YOUR ASSIGNMENT: Skipping any pictures, give all of the records below again exactly.

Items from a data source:
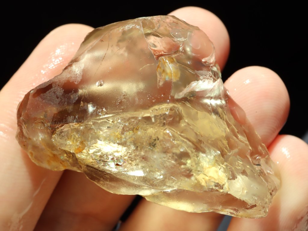 Citrín se však také pyšní docela unikátní barvou, která má na sluníčku jemně žlutý odstín s decentními zlatavými tóny a kouřovou pasáží v pomyslné špici krystalu. Ještě více pak toto jedinečné zbarvení vynikne a zazáří pokud je kamínek mokrý - To je dobře zachyceno na úvodních třech fotografiích, na dalších čtyřech snímcích je pak již citrín suchý.
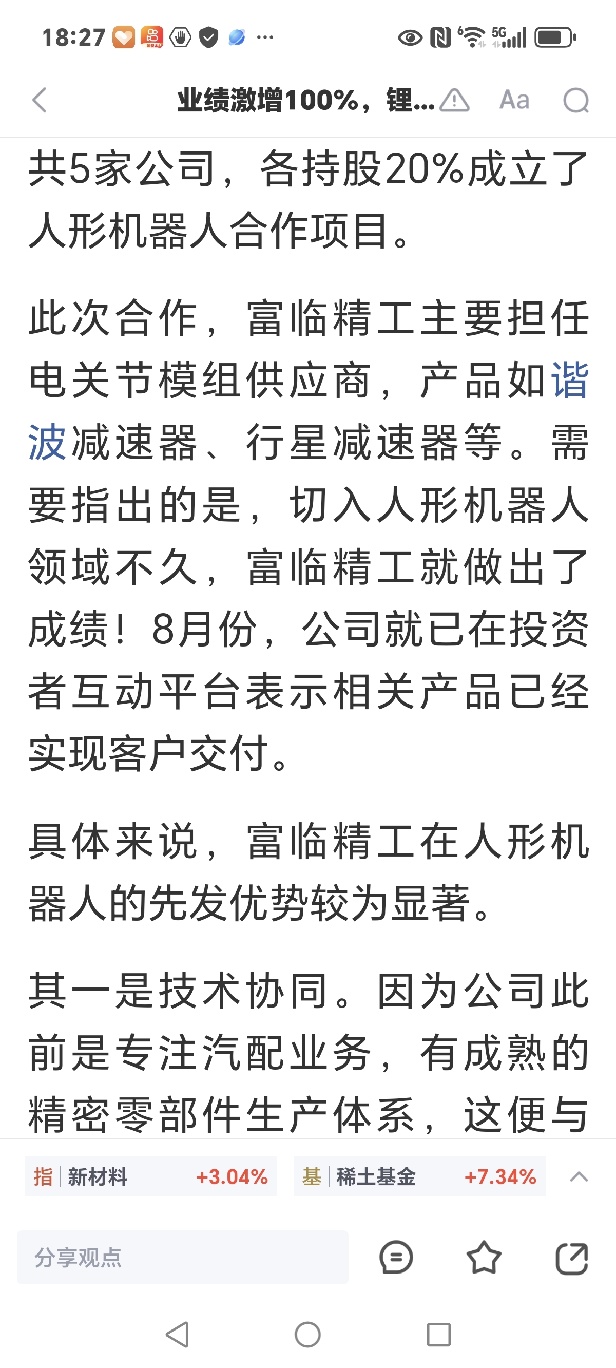 $富临精工(SZ300432)$ 富临精工:今天获利盘太多,适当回撤多正常,十月金股富临精工,名子起的真棒,与宁王合作,机器人驱动系统技术过硬,看涨,上个交易主力超大单流入3.57亿元,近三天总计流2亿多元,券商点评力推富临!股价二十一元不高
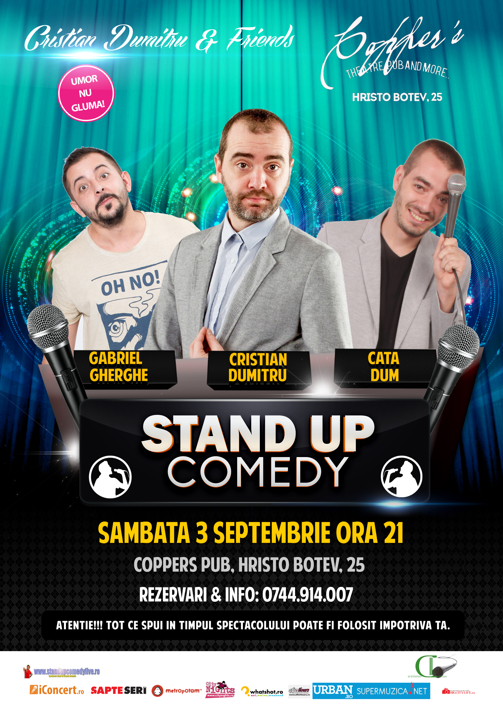 Daca e Sambata atunci e Stand-Up Comedy Show la Copper’s Pub. Nu rata cele mai tare show din bucuresti sustinut de Gabriel gherghe, Cata Dum si Cristian Dumitru.
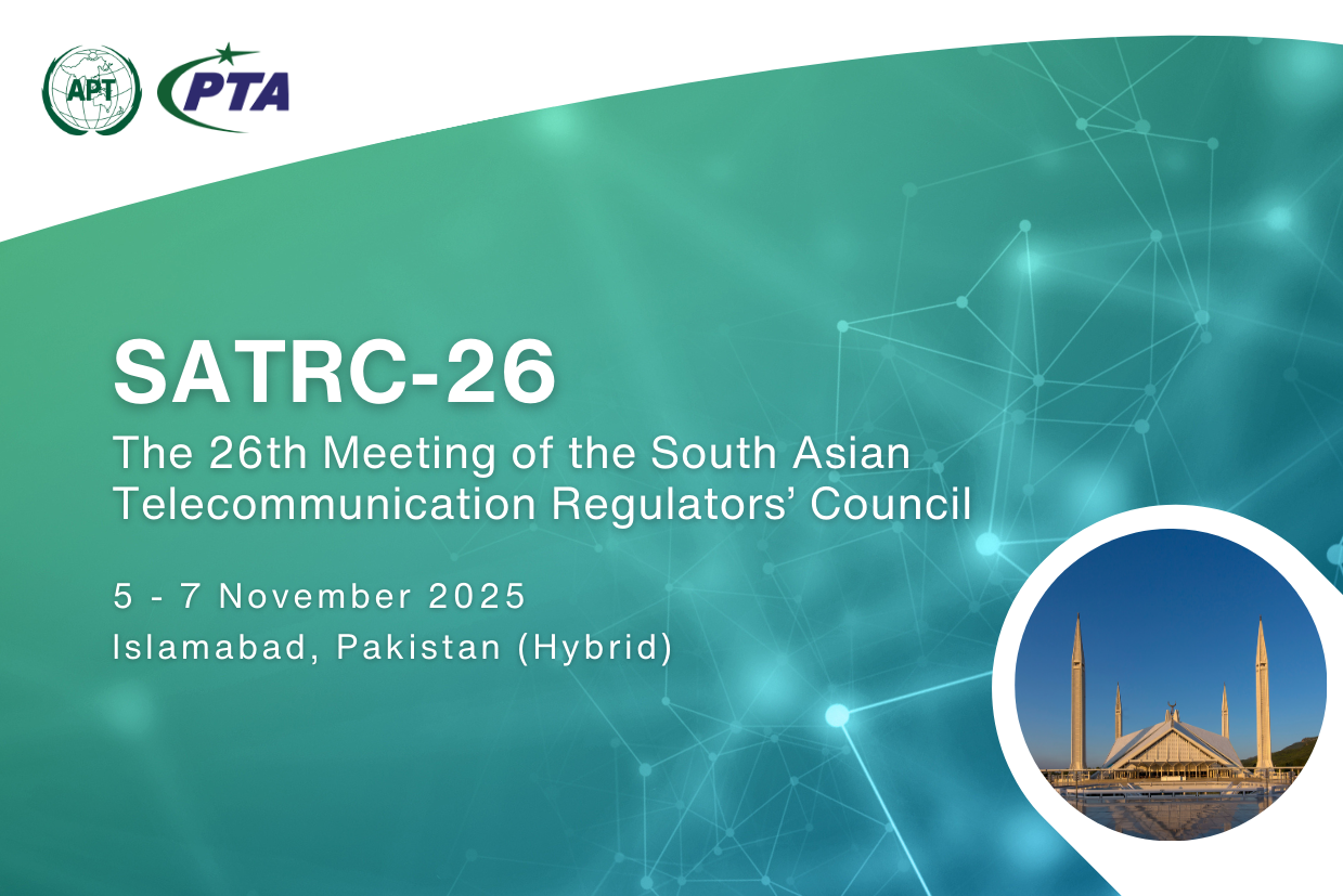 The 26th Meeting of the South Asian Telecommunication Regulators’ Council (SATRC-26) will be held from 5 to 7 November 2025 in Islamabad, Pakistan
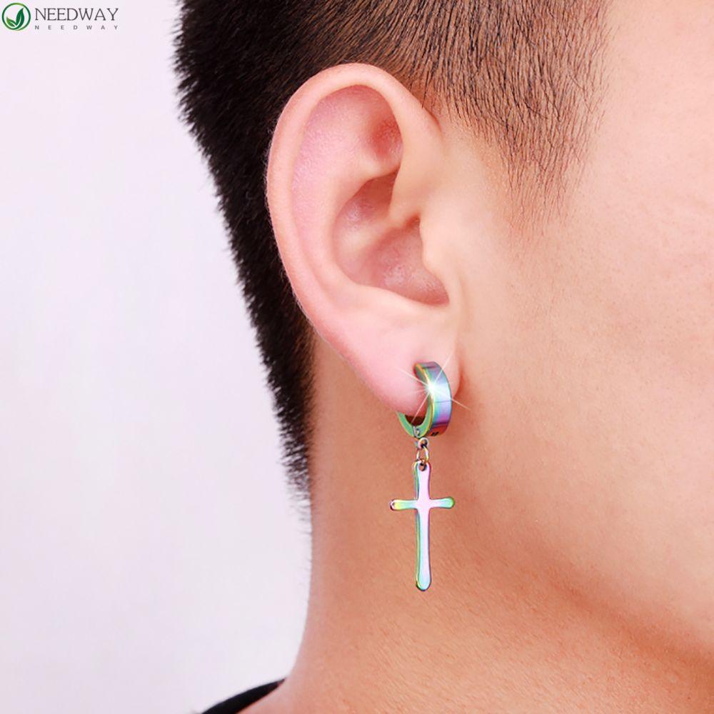 Tipe Barang: Anting-anting Cross Clip Earring Pria Manset Telinga Non-Tindik Anting Fashion Perhiasan Stainless Steel Wanita Unisex Hadiah Elegan Gothic Punk Sederhana Keren Hip Hop
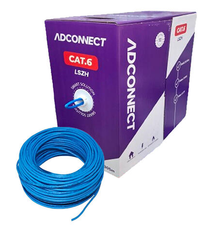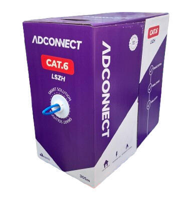 Cabo U/UTP Cat.6 100% cobre (24 AWG), com capa LSZH (baixa emissão de fumaça e gases tóxicos). Oferece desempenho superior para redes de alta velocidade, atendendo normas TIA/EIA-568-B.2. Caixa com 305m

EXPECTED ANSWER:
 Citrín se však také pyšní docela unikátní barvou, která má na sluníčku jemně žlutý odstín s decentními zlatavými tóny a kouřovou pasáží v pomyslné špici krystalu. Ještě více pak toto jedinečné zbarvení vynikne a zazáří pokud je kamínek mokrý - To je dobře zachyceno na úvodních třech fotografiích, na dalších čtyřech snímcích je pak již citrín suchý.
 $富临精工(SZ300432)$ 富临精工:今天获利盘太多,适当回撤多正常,十月金股富临精工,名子起的真棒,与宁王合作,机器人驱动系统技术过硬,看涨,上个交易主力超大单流入3.57亿元,近三天总计流2亿多元,券商点评力推富临!股价二十一元不高
 Daca e Sambata atunci e Stand-Up Comedy Show la Copper’s Pub. Nu rata cele mai tare show din bucuresti sustinut de Gabriel gherghe, Cata Dum si Cristian Dumitru.
 The 26th Meeting of the South Asian Telecommunication Regulators’ Council (SATRC-26) will be held from 5 to 7 November 2025 in Islamabad, Pakistan
 Tipe Barang: Anting-anting Cross Clip Earring Pria Manset Telinga Non-Tindik Anting Fashion Perhiasan Stainless Steel Wanita Unisex Hadiah Elegan Gothic Punk Sederhana Keren Hip Hop
 Cabo U/UTP Cat.6 100% cobre (24 AWG), com capa LSZH (baixa emissão de fumaça e gases tóxicos). Oferece desempenho superior para redes de alta velocidade, atendendo normas TIA/EIA-568-B.2. Caixa com 305m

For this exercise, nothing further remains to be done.